• What is required:
Make an exact transcript of the lines in the data below, starting with the one containing "Máy ép trái cây, máy" and going on through the one containing "技术在 CPG 行业的落地应用与创新。", with both included and the pictures left out.

*** Opening Supplied information ***

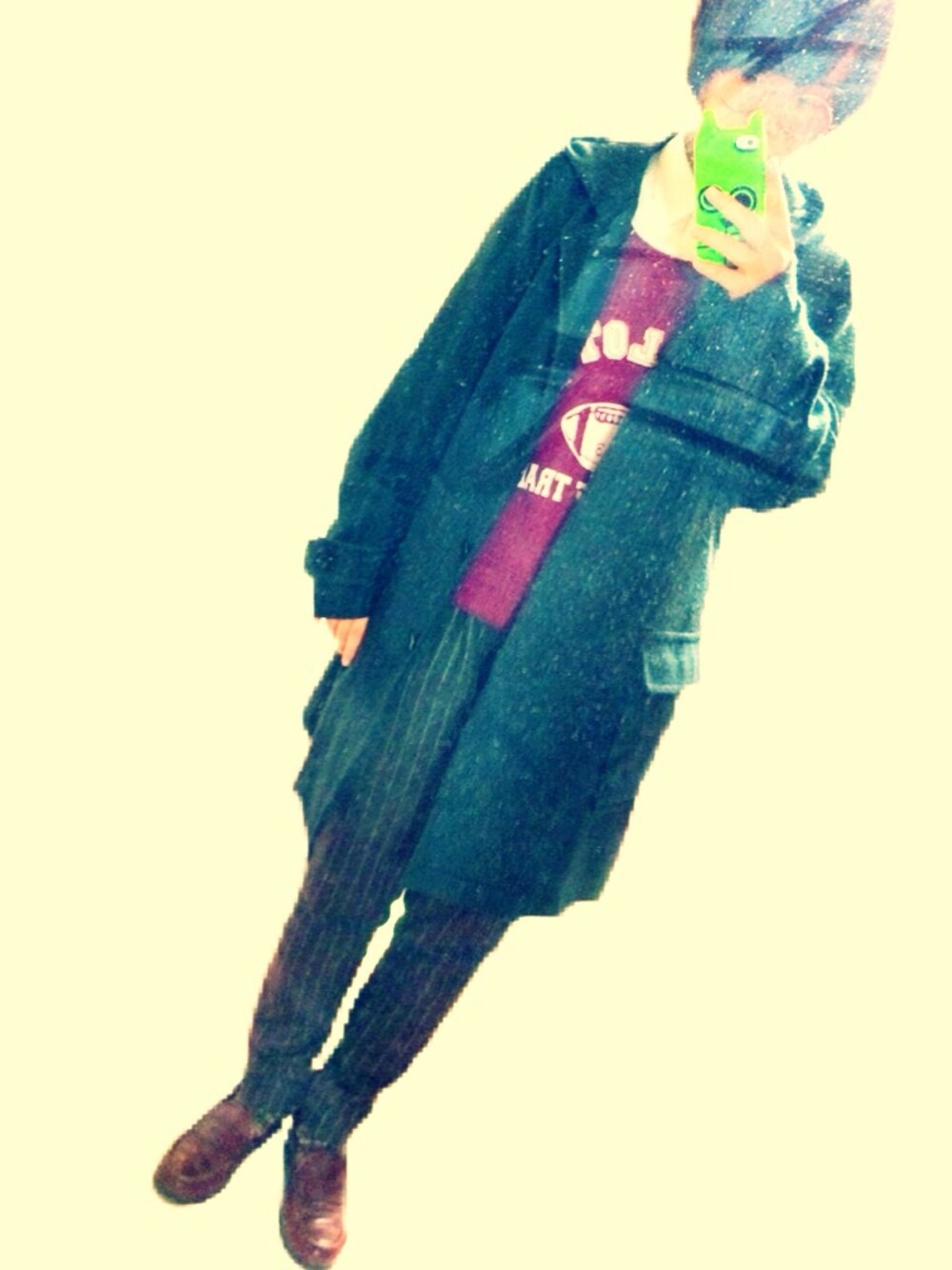 白シャツにusedのトレーナー。 キラキラの靴下はお気に入り。
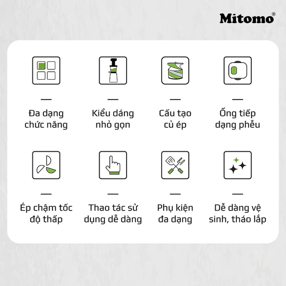 Máy ép trái cây, máy ép Mitomo chính hãng bảo hành 3 năm ( Trạm bảo hành toàn quốc ) Tặng kèm rây lọc và cọ vệ sinh cho máy Máy ép trái máy ép
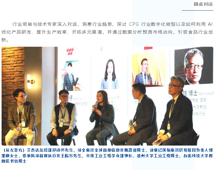 3 月 15 日,艾杰达“AI 时代的新机遇 - CPG 行业实践思享坊”在和煦春日如约而至。此次盛会不仅聚集了近百位业内佼佼者 - 企业高管、信息化掌舵人以及战略智囊,更是吸引了味全、徐福记、佰季风味等业界巨头,以及中国工业工程学会、台北科技大学工业工程与管理系暨管理学院等专家学者共同探讨 AI 技术在 CPG 行业的落地应用与创新。
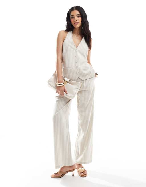 4th + Reckless - Coordinato sartoriale in misto lino beige a righe con gilet allacciato al collo e sul retro e pantaloni con fondo ampio

*** Closing Supplied information ***

• Response:
 Máy ép trái cây, máy ép Mitomo chính hãng bảo hành 3 năm ( Trạm bảo hành toàn quốc ) Tặng kèm rây lọc và cọ vệ sinh cho máy Máy ép trái máy ép
 3 月 15 日,艾杰达“AI 时代的新机遇 - CPG 行业实践思享坊”在和煦春日如约而至。此次盛会不仅聚集了近百位业内佼佼者 - 企业高管、信息化掌舵人以及战略智囊,更是吸引了味全、徐福记、佰季风味等业界巨头,以及中国工业工程学会、台北科技大学工业工程与管理系暨管理学院等专家学者共同探讨 AI 技术在 CPG 行业的落地应用与创新。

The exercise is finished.